Your man? Kidding, kidding! Yes that's a form. It's the rebel yell girlfriend version. Okay last one, feel free to use this one on a girl. You are the sun, I am the moon, you are the words, I am the tune, play me.
Okay. You are the sun, I am the moon, you are the words, I am the tune, play me.
Very funny.
Why don't you just ask her out?
What do you mean?
Melinda, idiot! Ask her out.
I did.
Really! Or are you just shitting me?
No, I am not shitting you. I did ask her out. And she said yes. You're on your own this weekend.
That's great! That's fabulous! I'm so proud.
Thanks mom. But it's not like I proposed.
Dating's the first step to marriage.
Shut up.
Ohmigod. Are you all right.
She dumped me.
Oh honey.
Don't call me that. She called me that, back when we were together…
Don't cry, it'll be okay.
Not with out her it won't.
Severus, read yourself.
I loved her, I still do. I. Love. Her.
Well she didn't love you. So it wasn't meant to be, now was it?
That's supportive. I was all there for you when you broke up with Rosier. Why are you a bitch now? Don't shit on my broken heart.
I was mad not sad, you're causing a scene.
We're getting out of here NOW. Come on. You need chocolate, alcohol, a good cry, and break up music. We're going to the kitchens then to my room. No objections now move!
What's the count down?
It's the end of the year as we know it and I feel fine! Five months, twenty seven hours, thirty six minutes, fifty one, no two, no three, no four, no five, Argh. Something seconds.
Detailed. Can't wait can you?
You want to blow this join as much as I do don't lie don't deny you want to be Free! Free as a bird. Free bird!
You worry me sometimes, you know that.
I know, I try. And I'm damn good at it too, now ain't I?
Yes, yes you're very good at being absurd. What's the answer to number one?
Aren't you the man who preached about test taking? Oh the hypocrisy and irony.
Shut up and tell me the answer.
No.
Don't make me get drastic.
Fine. B.
It's not a multiple choice question. Try again.
Argh. I hate you some times, you know. Fine. 1942, Thailand declares war on the United States and United Kingdom. Thus landing the muggle world into the lap of the wizarding world. Don't phrase it like that, I did. Happy now?
Ebullient.
Our last note before school's out for summer.
For us school will be out forever.
I'm getting all verclempt.
Why, well still see each other and talk. It isn't the final curtain yet.
I know that, but this is out last note as Hogwarts students, that should mean something. I mean it's a milestone.

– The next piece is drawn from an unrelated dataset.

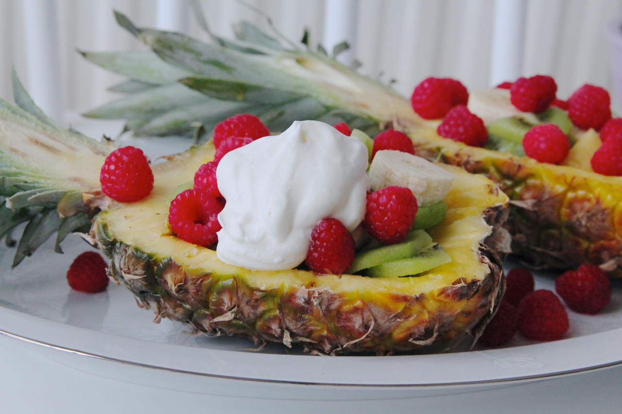 Skär den mogna ananasen mitt itu, Och skär försiktigt ut det mesta av fruktköttet + ananasen. Skala och skiva frukten och dela den i lagom stora bitar, blanda allt & fyll den i ”ananasskålen”. Vispa grädden lätt och smaka av med lite vaniljsocker.

Oh good God. You're a sentimental fool, you know that.
One of has to be. You're like a dog, seven years in one, always moving and changing.
Living in the past isn't healthy. Change is good. Accept it.
I accept change I just keep the past in mind.
Too much in mind.
Cynic.
I love it when we argue.
Why?
You're cute when you're vitriol, almost as cute as when you're confused.
You can't take anything seriously can you? Is nothing sacred?
Thanks to your bad influence. Beer and Pizza. I've always wondered where did you get all your mud blood stuff anyway.
I have an older sister who's a squib. She lives in Iowa, USA.
I didn't know that, I'm sorry.
I've mentioned her before. There's no reason to be sorry about her being a squib, she's still just as loveable, cute, annoying, and fun as if she would be magical.
I guess you're right.
You can bet your ass I am.
A/N: Evelyn. Severus. Lucius. Rosier is the name of a fallen angel (formerly holding the rank of Dominion in the angelic hierarchy). This demon may appear as either a man or a woman, and is a kind of patron devil of tainted love and seduction, especially noted for assuming a human form of great physical beauty, and tempts humans to fall in love, so that they will therefore sin or act foolish. Thanks Wikipedia for the scoop.